**TASK GOAL**:
In the entries below, begin at the line with "Vintage late 80s/early" and stop after the line with "蔡曉芳則早以多年對宋瓷的研究"; output those lines exactly and omit the pictures.

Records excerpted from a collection
+--

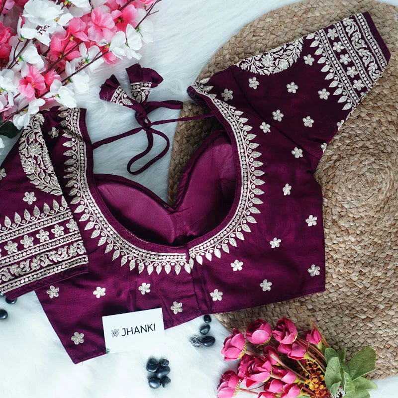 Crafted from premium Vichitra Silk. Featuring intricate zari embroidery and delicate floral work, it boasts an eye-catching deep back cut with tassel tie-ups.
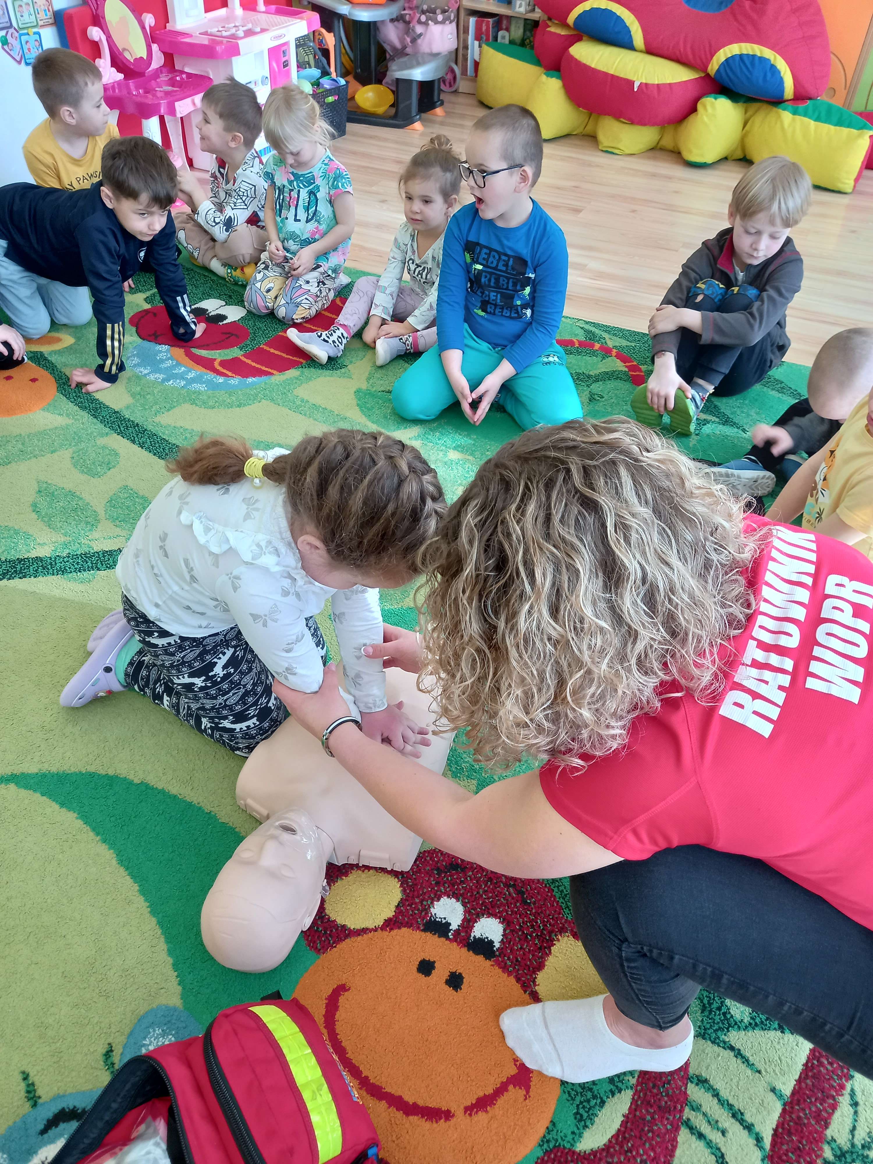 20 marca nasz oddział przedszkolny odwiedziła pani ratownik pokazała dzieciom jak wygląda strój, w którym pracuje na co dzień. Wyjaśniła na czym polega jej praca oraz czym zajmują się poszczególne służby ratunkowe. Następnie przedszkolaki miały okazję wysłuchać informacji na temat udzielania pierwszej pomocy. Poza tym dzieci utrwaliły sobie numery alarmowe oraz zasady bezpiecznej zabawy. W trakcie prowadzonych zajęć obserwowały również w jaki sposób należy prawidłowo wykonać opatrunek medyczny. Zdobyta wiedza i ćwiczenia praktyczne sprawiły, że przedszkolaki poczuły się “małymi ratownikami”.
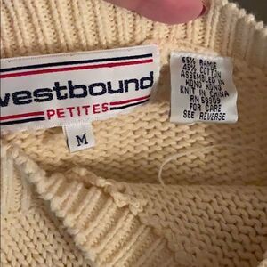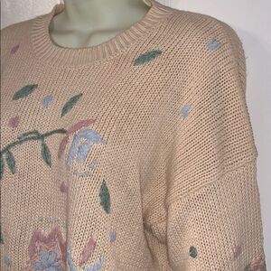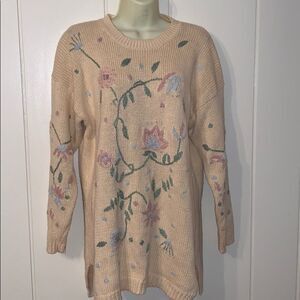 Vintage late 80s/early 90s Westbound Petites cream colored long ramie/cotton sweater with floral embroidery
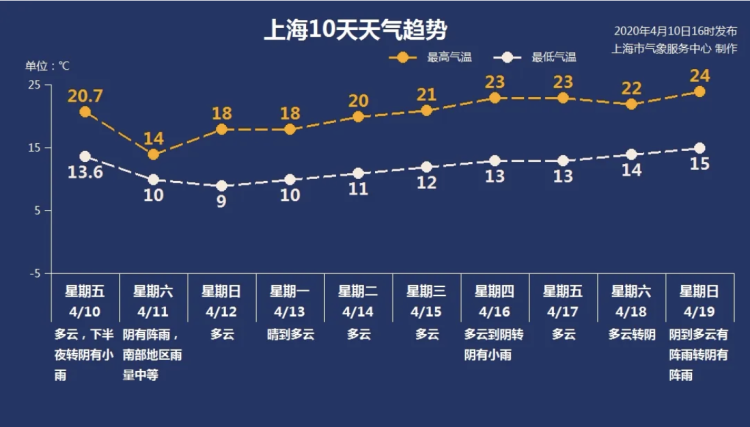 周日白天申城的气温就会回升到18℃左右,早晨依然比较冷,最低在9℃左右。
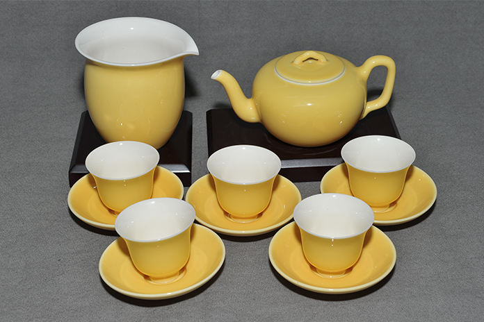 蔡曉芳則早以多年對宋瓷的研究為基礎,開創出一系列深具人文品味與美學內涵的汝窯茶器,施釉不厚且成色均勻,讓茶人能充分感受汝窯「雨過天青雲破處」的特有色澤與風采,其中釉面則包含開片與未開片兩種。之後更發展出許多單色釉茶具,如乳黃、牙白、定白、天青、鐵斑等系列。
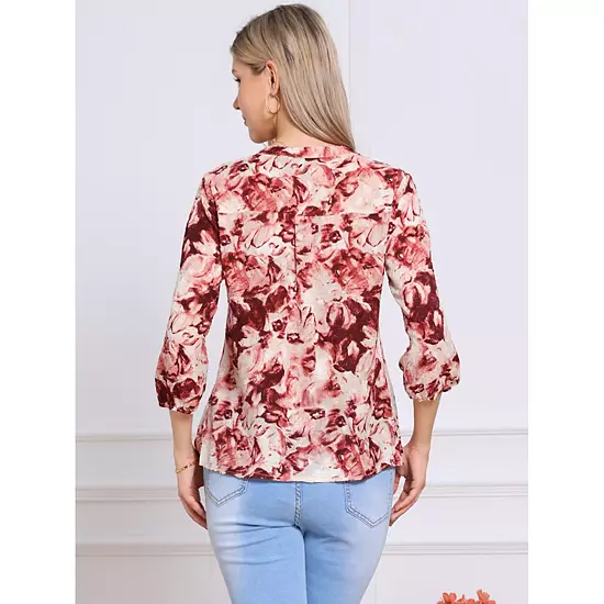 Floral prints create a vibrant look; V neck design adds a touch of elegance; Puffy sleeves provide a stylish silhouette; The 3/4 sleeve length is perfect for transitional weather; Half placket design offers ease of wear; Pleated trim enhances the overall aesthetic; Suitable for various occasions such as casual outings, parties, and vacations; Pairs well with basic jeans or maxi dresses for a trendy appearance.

+--

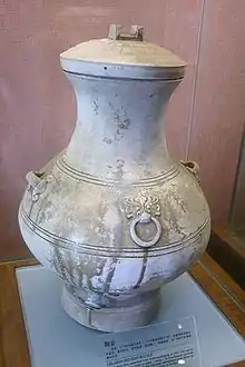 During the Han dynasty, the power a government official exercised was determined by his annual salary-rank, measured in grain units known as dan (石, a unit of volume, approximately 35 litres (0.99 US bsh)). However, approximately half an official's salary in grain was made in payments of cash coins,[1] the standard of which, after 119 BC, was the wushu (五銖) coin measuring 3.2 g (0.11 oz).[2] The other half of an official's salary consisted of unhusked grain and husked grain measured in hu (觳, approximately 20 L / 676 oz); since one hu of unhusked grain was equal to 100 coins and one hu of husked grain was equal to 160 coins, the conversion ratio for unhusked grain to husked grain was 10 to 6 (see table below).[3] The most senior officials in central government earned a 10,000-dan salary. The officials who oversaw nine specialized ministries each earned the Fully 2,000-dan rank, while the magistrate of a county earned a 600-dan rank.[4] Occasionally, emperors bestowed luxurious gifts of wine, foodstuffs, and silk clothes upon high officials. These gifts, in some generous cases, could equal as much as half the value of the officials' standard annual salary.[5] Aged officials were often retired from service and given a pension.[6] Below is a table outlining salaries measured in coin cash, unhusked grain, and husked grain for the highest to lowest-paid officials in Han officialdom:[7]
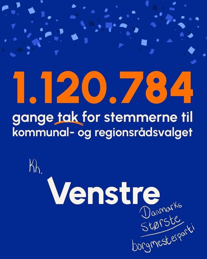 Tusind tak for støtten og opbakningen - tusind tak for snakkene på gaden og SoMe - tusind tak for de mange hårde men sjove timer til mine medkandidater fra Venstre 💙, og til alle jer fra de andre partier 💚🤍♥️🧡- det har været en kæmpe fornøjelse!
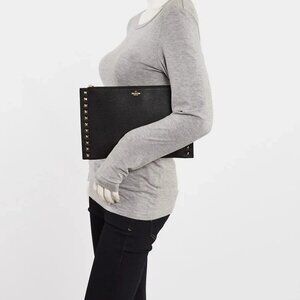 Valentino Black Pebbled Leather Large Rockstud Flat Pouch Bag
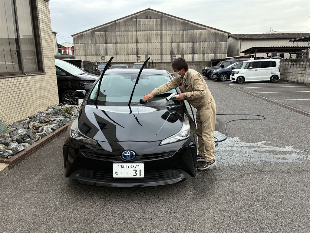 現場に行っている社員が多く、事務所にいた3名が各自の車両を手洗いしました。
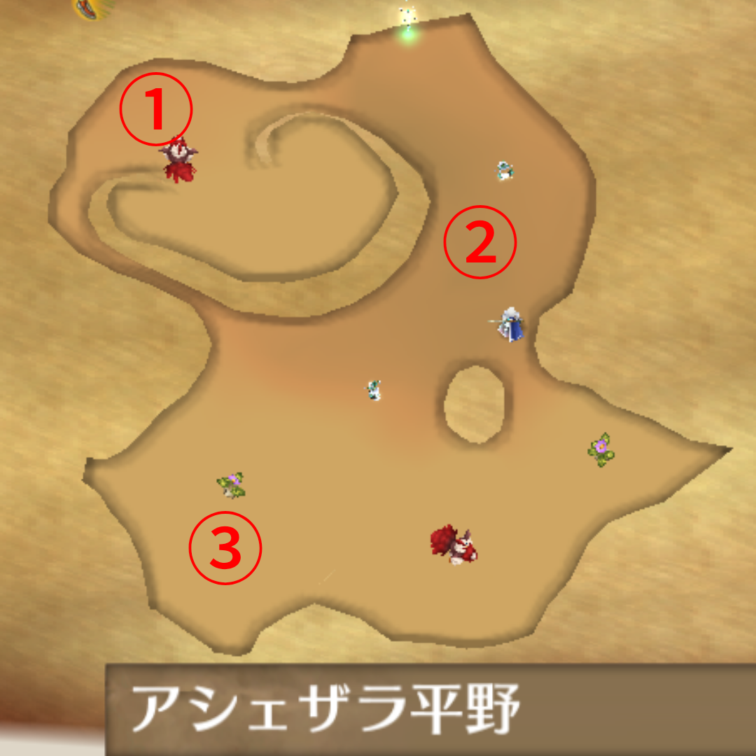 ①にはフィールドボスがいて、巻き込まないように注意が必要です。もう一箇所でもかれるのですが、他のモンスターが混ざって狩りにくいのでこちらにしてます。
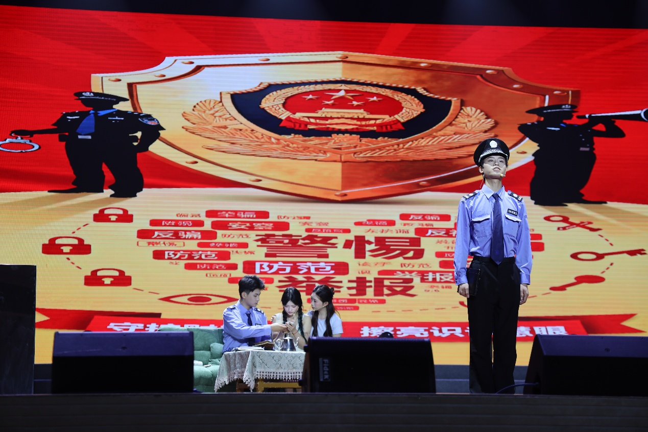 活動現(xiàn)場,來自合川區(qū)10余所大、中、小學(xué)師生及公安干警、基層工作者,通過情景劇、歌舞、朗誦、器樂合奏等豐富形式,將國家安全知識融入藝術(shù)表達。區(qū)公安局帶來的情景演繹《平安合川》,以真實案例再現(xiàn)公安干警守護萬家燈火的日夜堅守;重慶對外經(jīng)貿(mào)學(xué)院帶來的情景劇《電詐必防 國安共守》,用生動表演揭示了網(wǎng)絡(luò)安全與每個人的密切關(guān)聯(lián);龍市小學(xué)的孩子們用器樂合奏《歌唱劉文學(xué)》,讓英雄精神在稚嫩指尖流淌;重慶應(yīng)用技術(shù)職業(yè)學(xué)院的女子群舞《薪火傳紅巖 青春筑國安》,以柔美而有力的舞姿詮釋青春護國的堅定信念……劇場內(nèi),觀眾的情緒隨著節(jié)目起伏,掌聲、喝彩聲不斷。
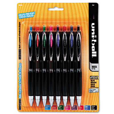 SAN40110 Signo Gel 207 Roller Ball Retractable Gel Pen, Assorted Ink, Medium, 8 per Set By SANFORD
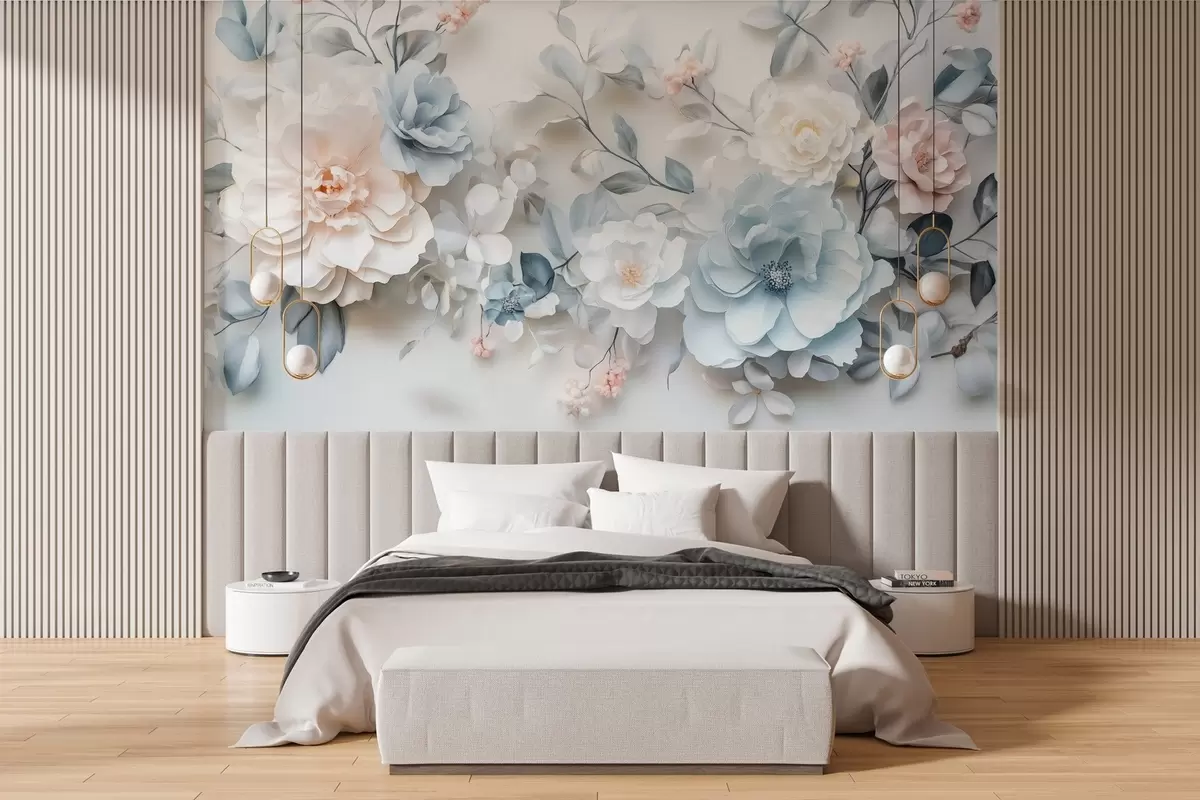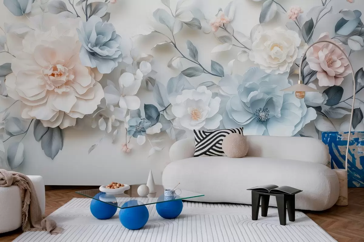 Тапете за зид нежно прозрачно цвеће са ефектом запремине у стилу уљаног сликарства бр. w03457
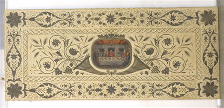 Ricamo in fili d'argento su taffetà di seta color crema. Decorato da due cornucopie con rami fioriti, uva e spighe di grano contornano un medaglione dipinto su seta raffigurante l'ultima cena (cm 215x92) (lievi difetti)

+--

**ANSWER AREA**:
 Vintage late 80s/early 90s Westbound Petites cream colored long ramie/cotton sweater with floral embroidery
 周日白天申城的气温就会回升到18℃左右,早晨依然比较冷,最低在9℃左右。
 蔡曉芳則早以多年對宋瓷的研究為基礎,開創出一系列深具人文品味與美學內涵的汝窯茶器,施釉不厚且成色均勻,讓茶人能充分感受汝窯「雨過天青雲破處」的特有色澤與風采,其中釉面則包含開片與未開片兩種。之後更發展出許多單色釉茶具,如乳黃、牙白、定白、天青、鐵斑等系列。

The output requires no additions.